A word-for-word copy of the entries, with the images left out, is what you should write.

● **Input data**:
^^^^^^^^^^^^^^^^
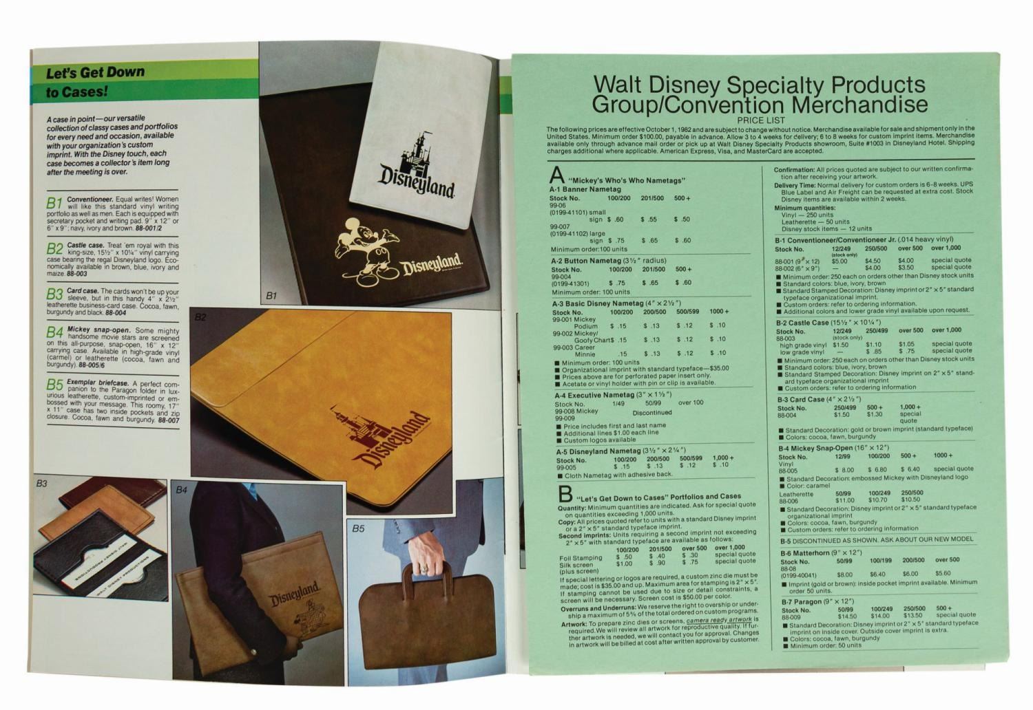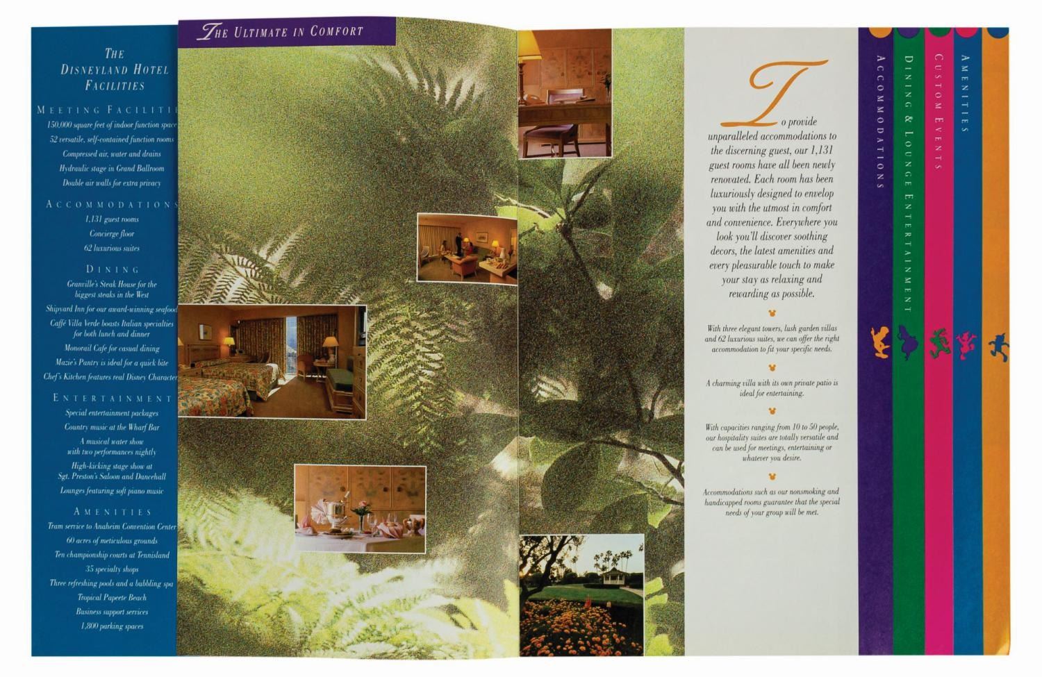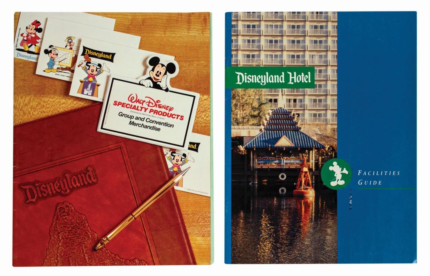 (Disneyland Hotel, 1982/1990s) A facilities guide for the Disneyland Hotel that promotes the space for large events. Covering accommodations, dining & lounge entertainment, custom events, and more, the 14-page guide showcases the hotel in the period between Disney's purchase of the property and the renovations for Downtown Disney. Also included is a 9-page catalogue and order form from 1982 for group/convention merchandise. Measuring 11"x8.5", the guide and catalogue are in very good condition with some bending along the spine and minor edge-wear from handling. There is some ink transfer on the front cover of the guide near the image of Mickey.
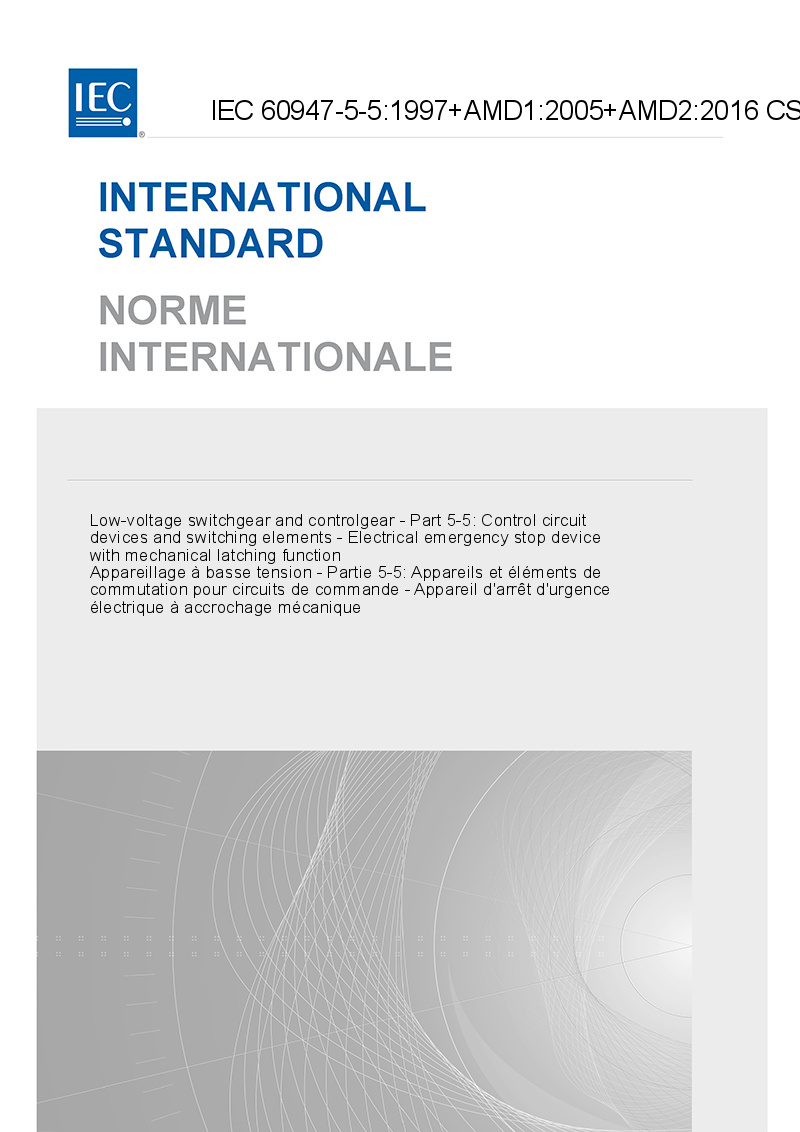 IEC 60947-5-5:1997+A1:2005+A2:2016 Is applicable to electrical control circuit devices and switching elements which are used to provide an emergency stop signal. Such devices may be either provided with their own enclosure, or installed according to the manufacturer's instructions. This consolidated version consists of the first edition (1997), its amendment 1 (2005) and its amendment 2 (2016). Therefore, no need to order amendments in addition to this publication.
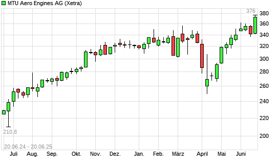 Mit dem Anstieg auf 366,40 EUR hat die MTU Aero Engines-Aktie (ISIN DE000A0D9PT0) am 19.06.2025 ein neues All-Time-High erreicht und damit den Kurs vom 18.06.2025 eingestellt.
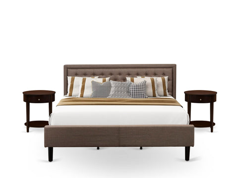 EAST WEST FURNITURE - KD18K-Z94EX - 3 PC WOODEN BEDROOM SET WITH 1 KING PLATFORM BED FRAME AND 2 NIGHT STANDS FOR BEDROOM
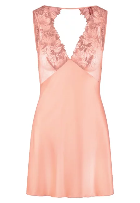 Сатинирано неглиже с дантела - Оранжев
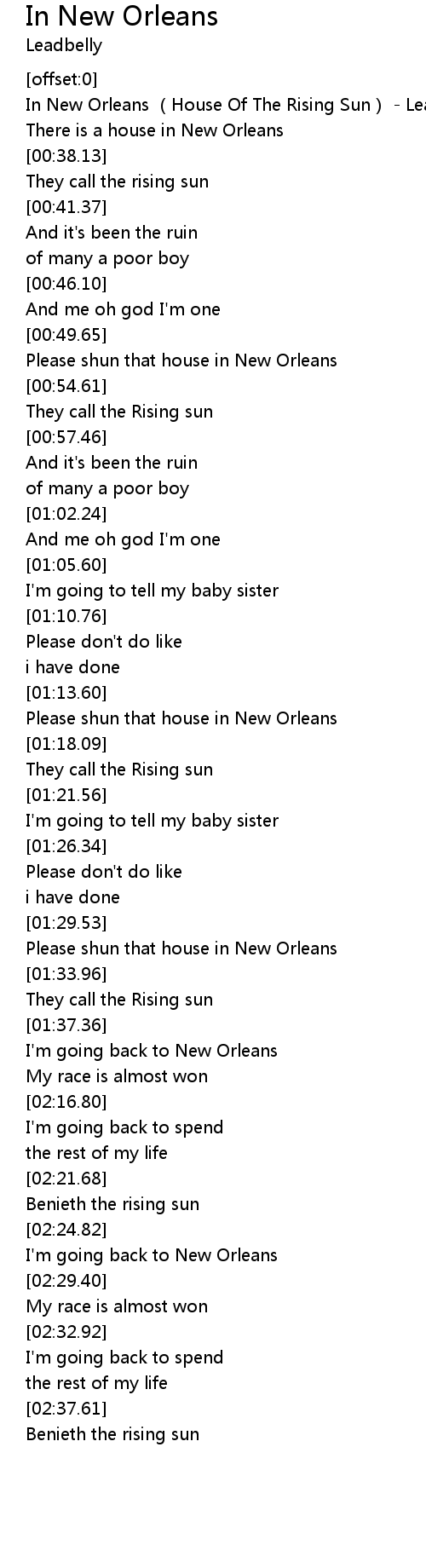 | [00:01.30] | In New Orleans (House Of The Rising Sun) - Lead Belly |
^^^^^^^^^^^^^^^^
● **Response area**:
 (Disneyland Hotel, 1982/1990s) A facilities guide for the Disneyland Hotel that promotes the space for large events. Covering accommodations, dining & lounge entertainment, custom events, and more, the 14-page guide showcases the hotel in the period between Disney's purchase of the property and the renovations for Downtown Disney. Also included is a 9-page catalogue and order form from 1982 for group/convention merchandise. Measuring 11"x8.5", the guide and catalogue are in very good condition with some bending along the spine and minor edge-wear from handling. There is some ink transfer on the front cover of the guide near the image of Mickey.
 IEC 60947-5-5:1997+A1:2005+A2:2016 Is applicable to electrical control circuit devices and switching elements which are used to provide an emergency stop signal. Such devices may be either provided with their own enclosure, or installed according to the manufacturer's instructions. This consolidated version consists of the first edition (1997), its amendment 1 (2005) and its amendment 2 (2016). Therefore, no need to order amendments in addition to this publication.
 Mit dem Anstieg auf 366,40 EUR hat die MTU Aero Engines-Aktie (ISIN DE000A0D9PT0) am 19.06.2025 ein neues All-Time-High erreicht und damit den Kurs vom 18.06.2025 eingestellt.
 EAST WEST FURNITURE - KD18K-Z94EX - 3 PC WOODEN BEDROOM SET WITH 1 KING PLATFORM BED FRAME AND 2 NIGHT STANDS FOR BEDROOM
 Сатинирано неглиже с дантела - Оранжев
 | [00:01.30] | In New Orleans (House Of The Rising Sun) - Lead Belly |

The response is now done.